- Born: c. 1686 County Durham
- Died: 1735 or later

= Ann Liddell =

Ann Liddell or Ann Clavering (c. 1686 – 1735 or later) was a British political commentator.

==Life==
Liddell was probably born in County Durham as she was baptised at Chopwell on 21 April 1686. She was the middle child of three born to Ann and John Clavering. Her maternal grandfather was Sir Henry Thompson who was an MP. Her father owned coalfields and they enjoyed a comfortable living. He married again after her mother's death and in time she had eight half brothers and sisters. Her elder sister Mary Clavering was a Lady of the Bedchamber for Caroline, Princess of Wales. In September 1706 her sister married William, Lord Cowper. This was a marriage based on her sister's beauty before she married Lord Cowper.

Disaster came when her father suddenly died as his will left his estate to his son and Ann's half brother John Clavering. John however was a child and the estate therefore was held by the Court of Chancery until her half brother reached his majority. With her elder sister married it was Ann, and nominally their cousin James Clavering, who had to find the funds to maintain the family and her sibling's education. Ann had of necessity to understand the coal business. She found that the ambiguous position of the Clavering-Stella colliery's ownership was proving a temptation to others to redirect its profits in their direction. She wrote warning letters to her cousin and fellow trustee to increase his efforts in protecting their inheritance.

Ann was living in London and she was a strong supporter of the liberals and a strong critic of the Whig's. She would write regularly to her cousin and she would describe the machinations of political trials and debates. In return she asked for news from Durham about court trials and the coal trade which determined her income. Three years of her letters were preserved by her cousin. She continued to write until she married in 1711 She passed judgement of on the Liberal (Whigs) battles with so-called churchmen including Nathaniel, Lord Crewe, bishop of Durham the Tory administration in Newcastle. Her independent view of the trial of the allegedly seditious cleric Henry Sacheverell is considered historically valuable. The preservation of the letters is thought to be due to Liddell's warnings of legal proceedings which caused her cousin to keep them safe.

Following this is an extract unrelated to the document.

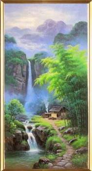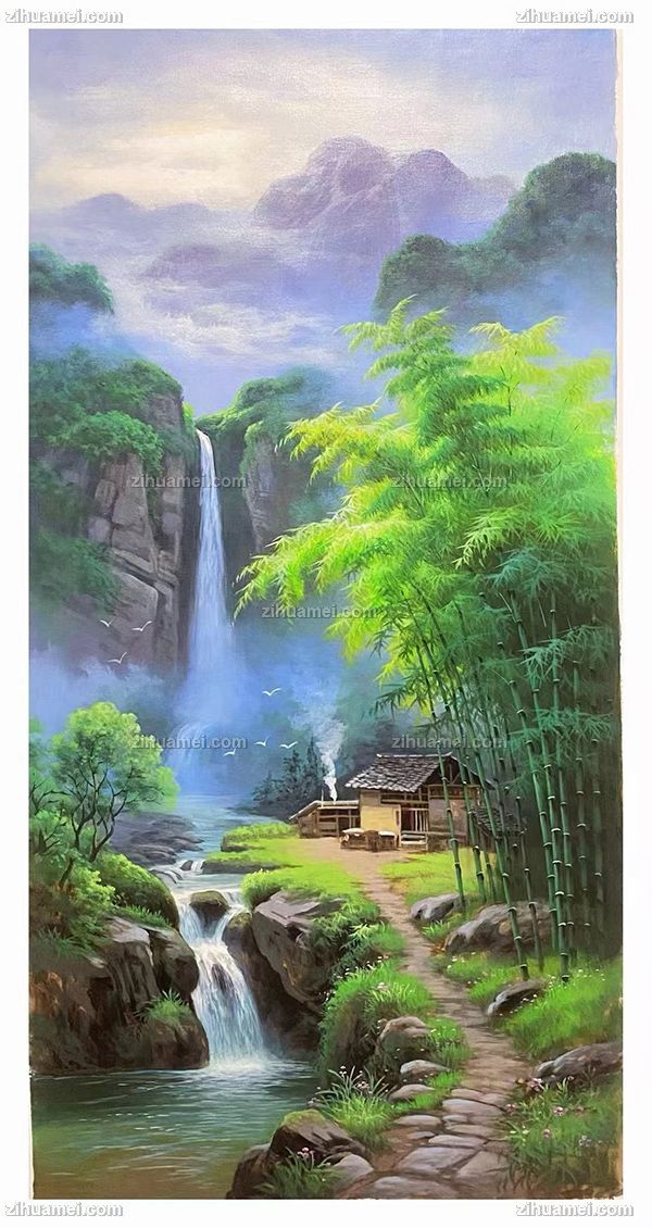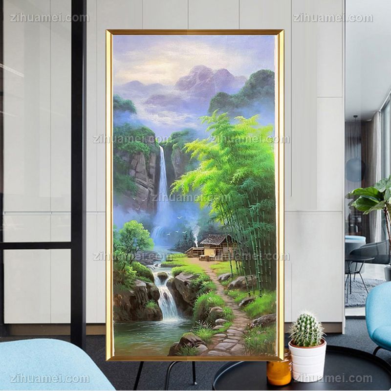 • Chinese style bamboo forest landscape oil painting at the entrance
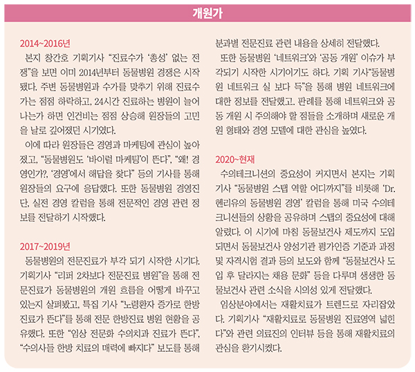 수의테크니션의 중요성이 커지면서 본지는 기획기사 “동물병원 스탭 역할 어디까지”를 비롯해 ‘Dr.헨리유의 동물병원 경영’ 칼럼을 통해 미국 수의테크니션들의 상황을 공유하며 스탭의 중요성에 대해 알렸다. 이 시기에 마침 동물보건사 제도까지 도입되면서 동물보건사 양성기관 평가인증 기준과 과정 및 자격시험 결과 등의 보도와 함께 “동물보건사 도입 후 달라지는 채용 문화” 등을 다루며 생생한 동물보건사 관련 소식을 시의성 있게 전달했다.

She married Henry Liddell on 14 July 1711. He was the son of Sir Henry Liddell (c.1644–1723) whose seat was Ravenscroft Castle in Country Durham. Other letters survive and from these it is possible to determine Liddell's bitterness towards her sister Mary and her successful marriage to Lord Cowper. She is bitter that her family are not returning the devotion she has shown them. She expected that the Cowper's would have furthered her husband's cause with an impressive position. The Cowper's alternatively believe that they have preferred her husband and they believe that Liddell is not just bitter but ungrateful.

Her husband dies in 1717 and she finds that he stands accused of mismanaging his affairs and Liddell takes on the role of his reputation's defender. She refers to Sir James Clavering as "her son" in reference to her history of guarding his inheritance. She was to remain on good terms with him throughout her life although she thought him ungrateful. She is last mentioned in 1735. Liddell's letters are in the UK National Archives.